I got the Paperwhite, speaker, and Keurig as well.  I also got a remote control car building kit for 20 and the Polar Express train for 25.  I love these special offers!  Hoping for more good ones.


----------



## Betsy the Quilter (Oct 27, 2008)

If y'all think of it, and have time, a post in the forums would be great.  I don't have a text plan  that works with Amazon's text notifications... I did see the PW and take advantage of it, but haven't seen any of the others. 

Betsy


----------



## SheilaJ (Apr 10, 2011)

Is this something like the old Kmart blue light specials?  I am probably dating myself with that one. haha


----------



## MsScarlett (Jan 12, 2010)

Betsy the Quilter said:


> If y'all think of it, and have time, a post in the forums would be great. I don't have a text plan that works with Amazon's text notifications... I did see the PW and take advantage of it, but haven't seen any of the others.
> 
> Betsy


I will try to if I can. I was too late with this one--it was all gone before I could get over here!

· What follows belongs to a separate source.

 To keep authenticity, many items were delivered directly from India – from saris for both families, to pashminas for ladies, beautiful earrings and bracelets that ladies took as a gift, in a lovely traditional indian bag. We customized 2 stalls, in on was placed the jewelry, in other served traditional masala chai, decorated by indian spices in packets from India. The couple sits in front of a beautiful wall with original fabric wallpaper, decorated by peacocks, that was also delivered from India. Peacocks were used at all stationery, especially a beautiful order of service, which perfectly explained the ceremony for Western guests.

ETA: I had a bit of an issue this time around. I got to the offer in time, but when I clicked the button and it said the item was in my cart, it actually went to the "saved for later" area with no "move to cart option!" I tried Mayday to see if they could help on their end but they told me it was because they were all sold out. BUT, it was in my "saved for later" with the special price, not the full price like it usually does when sold out. I was finally able to pull up my cart on my computer, and then move it to the cart from there and actually check out on the computer too. I guess you just need the Fire to get the item to the cart?


----------



## 68564 (Mar 17, 2013)

What text messages? I missed all of these offers


----------



## MsScarlett (Jan 12, 2010)

Try here:

http://www.amazon.com/gp/feature.html?docId=1001388031


----------



## The Hooded Claw (Oct 12, 2009)

MsScarlett said:


> Try here:
> 
> http://www.amazon.com/gp/feature.html?docId=1001388031


 You are ahead of Amazon customer service on this one, I couldn't find how to do this and use the Mayday button on my HDX to ask about this and the rep did not know! Good job.


----------



## 68564 (Mar 17, 2013)

Do you get a lot of spammy texts, or just the big deal offers?


----------



## The Hooded Claw (Oct 12, 2009)

VydorScope said:


> Do you get a lot of spammy texts, or just the big deal offers?

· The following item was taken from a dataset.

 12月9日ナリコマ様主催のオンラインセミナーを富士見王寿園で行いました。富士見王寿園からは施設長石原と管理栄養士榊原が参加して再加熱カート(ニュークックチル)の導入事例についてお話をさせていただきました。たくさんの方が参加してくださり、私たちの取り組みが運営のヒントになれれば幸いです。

When I signed up I believe I was told there would be a maximum of five messages a week.


----------



## Betsy the Quilter (Oct 27, 2008)

MsScarlett said:


> I will try to if I can. I was too late with this one--it was all gone before I could get over here!
> 
> ETA: I had a bit of an issue this time around. I got to the offer in time, but when I clicked the button and it said the item was in my cart, it actually went to the "saved for later" area with no "move to cart option!" I tried Mayday to see if they could help on their end but they told me it was because they were all sold out. BUT, it was in my "saved for later" with the special price, not the full price like it usually does when sold out. I was finally able to pull up my cart on my computer, and then move it to the cart from there and actually check out on the computer too. I guess you just need the Fire to get the item to the cart?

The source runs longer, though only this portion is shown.